The lecture turned more informative, however, when my date explained that there is in fact a great deal of Chinese influence in Peru’s cuisine. In the 1800s, there was an influx of Chinese workers who relocated to the South American country for employment as laborers; the cooking methods and ingredients of the Chinese immigrants’ homeland melted into Peru’s culinary landscape.

This background on Peru’s flavors thus made it unsurprising to me that one of San Fernando’s menu offerings was Arroz Chaufa, described as a Cantonese fried rice featuring the likes of chicken, sliced hot dogs, and flavors of green onion and soy. My dining companion and I opted for a different Chinese-influenced dish, San Fernando’s Lomo Saltado ($9.50). Strips of sirloin steak marinated with garlic and soy sauce were stir-fried with strips of red onion and tomatoes, complemented in Chinese fashion by a mound of white rice. The tender meat was bold in taste, its juices imparting flavor to the “fried potatoes” (aka short French fries) cushioning the dish.

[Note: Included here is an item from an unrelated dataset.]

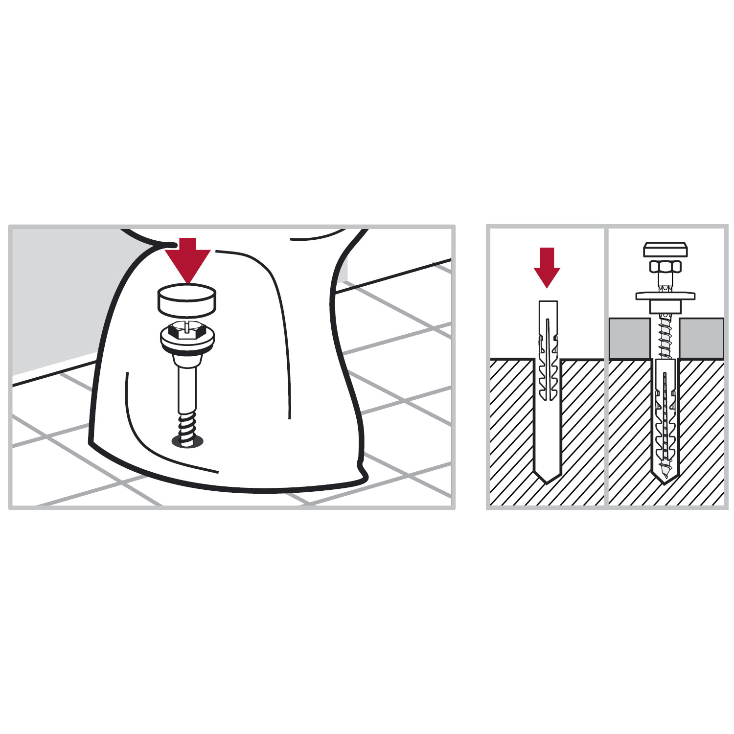 Крепление унитазов к бетонному или кирпичному основанию. Диаметр предварительного сверления: 10 мм.

Needless to say, we did not leave San Fernando without trying its trademark dish, the roasted chicken. Much like our plates of Salchipapas and Lomo Saltado, our half chicken ($9) was a generous affair accompanied by salad and once again, french fries. One taste of the chicken confirmed why it's the centerpiece of San Fernando's lineup. The chicken's crisp golden-brown skin was roasted perfection, as was the juicy, luscious meat it revealed. The flavors of garlic, salt, pepper and a hint of cumin were simple yet sublime. Though the plate's salad was little more than shredded iceberg lettuce topped with a bit of tomato and cucumber and a drizzle of Ranch dressing, it was a fitting bit of crunch and creaminess to round out the dinner.

Based on my encounter with Lynnwood's San Fernando location, I'm sold on Peru's pollo and my interest in the culture's other dishes has been piqued. Let the Peruvian roasted chicken domination commence.